Officials at Tuskegee University and Rosenwald’s private foundation, the Julius Rosenwald Fund, collaborated to provide architectural plans and matching funds to help build more than 5300 schools, teacher’s homes and vocational shops in 15 Southern and Southwestern states.
Rosenwald contributed more than $4.3 million, and African Americans themselves contributed more than $4.7 million to construct the schools that helped elevate the socioeconomic status of blacks across the regions.
Initially envisioned as a rural school building program, a majority of the schools were constructed in the countryside or in smaller communities.
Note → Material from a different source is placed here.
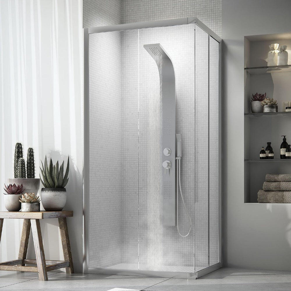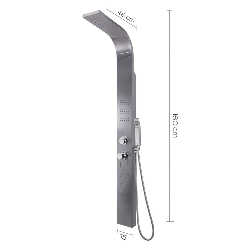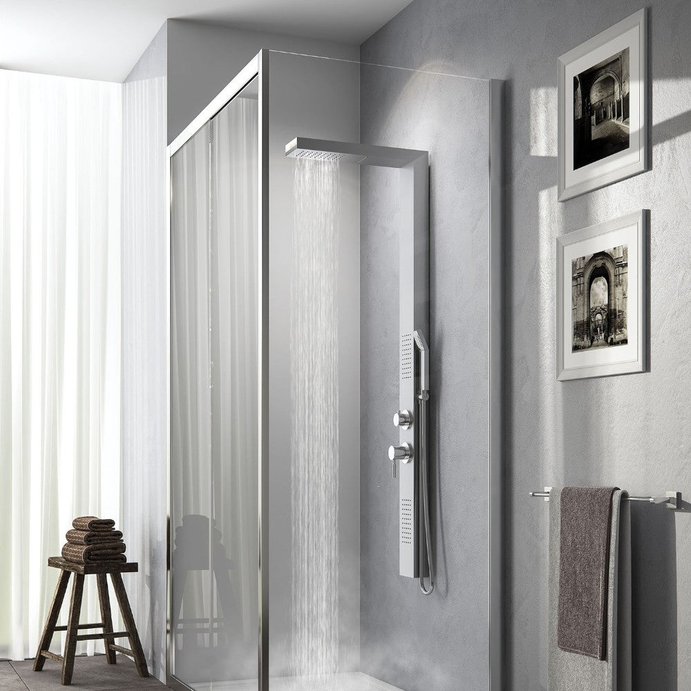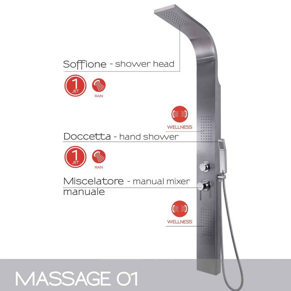 Pannello doccia multifunzione in acciaio inox con getti massaggio e miscelatore manua...

As newer schools were built to replace the old ones, or integration took place, Rosenwald Schools were often abandoned, demolished, or simply turned over to communities in which they were located. Based on incomplete survey figures, there may be as few as 15 percent of Rosenwald Schools surviving today.
Since 2002 the National Trust has helped raise awareness, funding, and community support for the preservation of the schools through our Rosenwald Schools Initiative.
- Educate Americans about the Rosenwald Schools, and inspire them to protect dozens more of the historic structures.
- Develop training workshops so that grassroots groups can manage and maintain Rosenwald Schools in their own communities.
- Develop resources for the preservation of Rosenwald schools.
Save 100 Rosenwald Schools as vital hubs of community activity and revitalization.